1. An image processing apparatus, comprising:
a classification unit configured to extract N features from an input image using pre-generated N feature extraction units and calculate confidence value which represents object-likelihood based on the extracted N features;
an object detection unit configured to detect an object included in the input image based on the confidence value;
a feature selection unit configured to select M feature extraction units from the N feature extraction units such that separability between the confidence value of the object and that of background thereof becomes greater than a case where the N feature extraction units are used, the M being a positive integer smaller than N; and
an object tracking unit configured to extract M features from the input image and tracks the object using the M features selected by the feature selection unit.
2. The apparatus of claim 1, wherein the object detection unit calculates the confidence value based on the extracted M features and tracks the object based on the calculated confidence value.

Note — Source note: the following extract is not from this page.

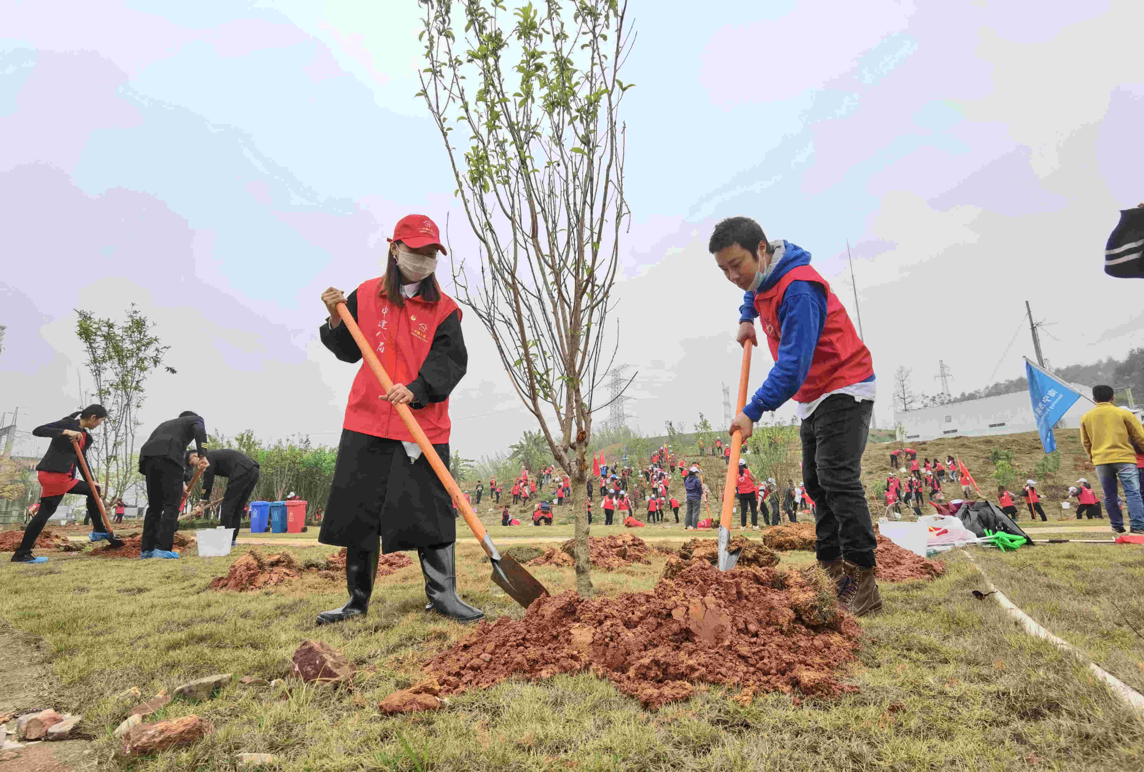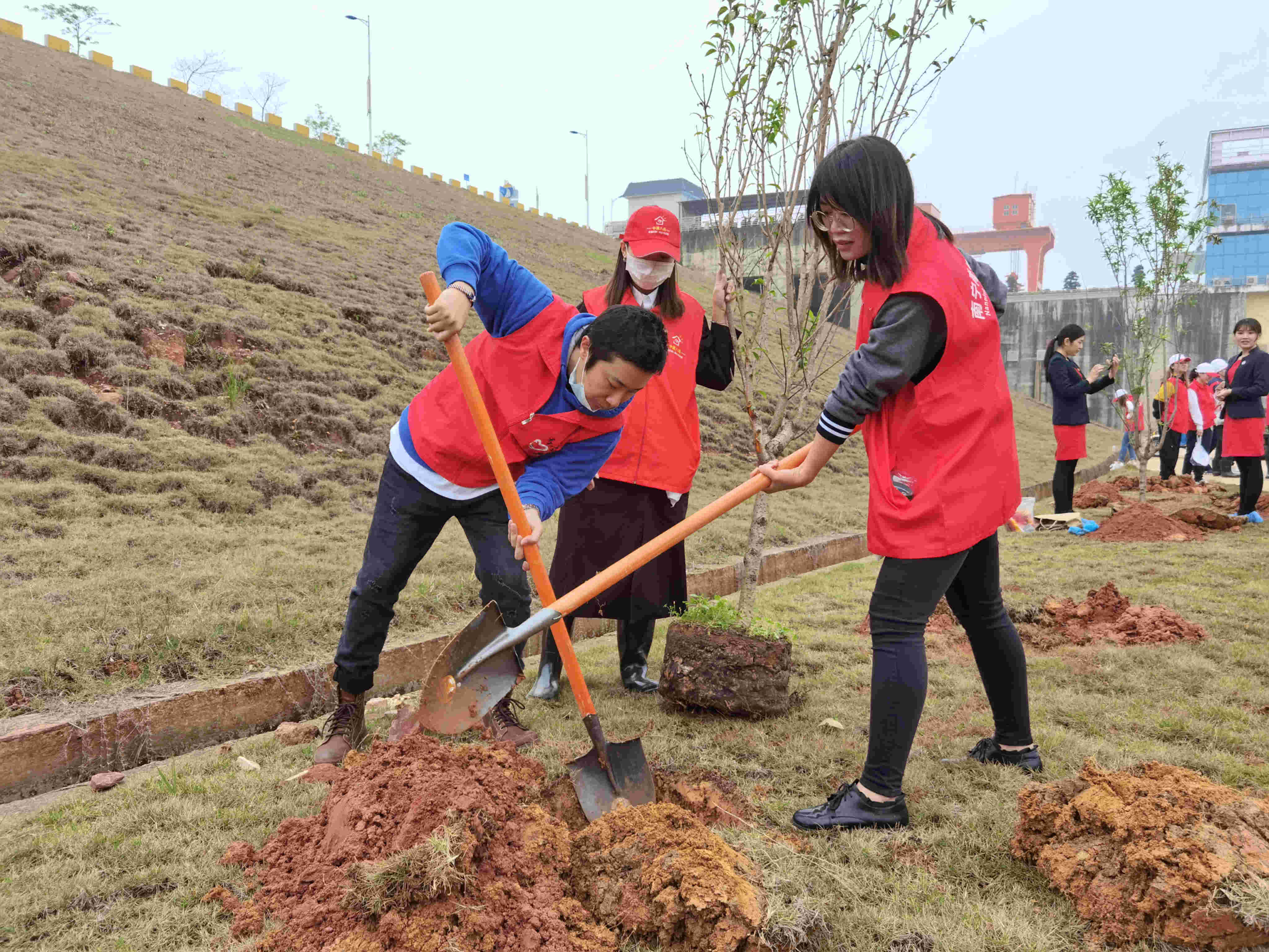 种一棵树,绿一方土,尽一份心,播一片希望。3月11日,在植树节来临之际,由南宁团市委主办的植树活动在南宁市老口航运枢纽护坡举行,威宁房地产公司机关党支部、项目公司党支部联合中建八局威宁青运村项目党支部党员志愿者积极参加,与在场的150名志愿者一起义务种下150棵绿树和清洁河道周边垃圾,以爱绿护绿的实际行动积极保护南宁邕江母亲河周边生态。

3. The apparatus of claim 1, wherein the object tracking unit calculates the confidence value based on a similarity between a first vector which includes M first features extracted from a position of the object in the input image and a second vector which includes M second features extracted from a position of the object in the input image for which detection of the object detection unit or tracking of the object tracking unit is completed.

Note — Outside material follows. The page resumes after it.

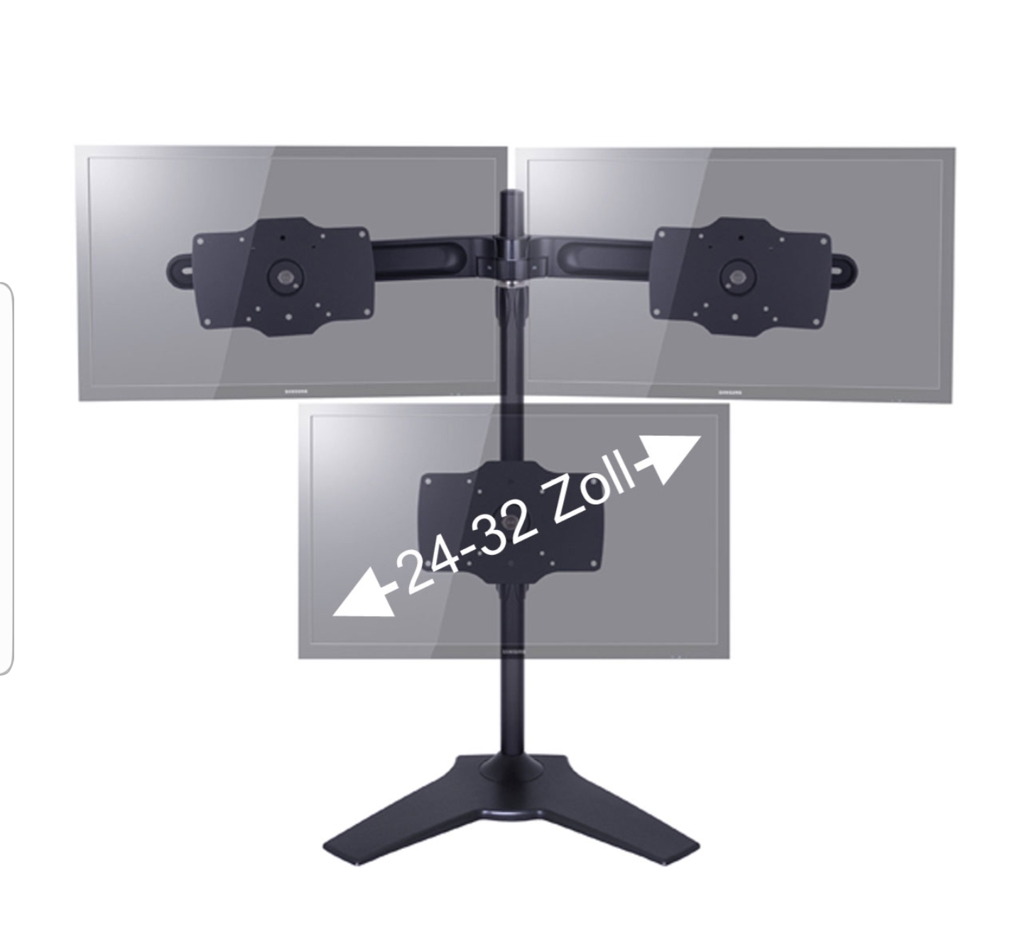 Mittig unten soll mein 27 Zoll hin und oben die zwei 24 Zoll. Aktuell hätte ich einen Ricoo TS5911 probiert, der passt nicht, weil ich doe oberen Monitore nicht hoch genug hängen kann.

4. The apparatus of claim 3, wherein the similarity is calculated by a rate where a sign of each component of the first vector is equal to a sign of each corresponding component of the second vector.
5. The apparatus of claim 2, further comprising a control unit configured to calculate the confidence value at each position of the input image and determine that a peak of the confidence value is a position of the object.
6. The apparatus of claim 5, wherein the control unit determines that detection of the object is unsuccessful when a value at the peak of the confidence value is smaller than a threshold value.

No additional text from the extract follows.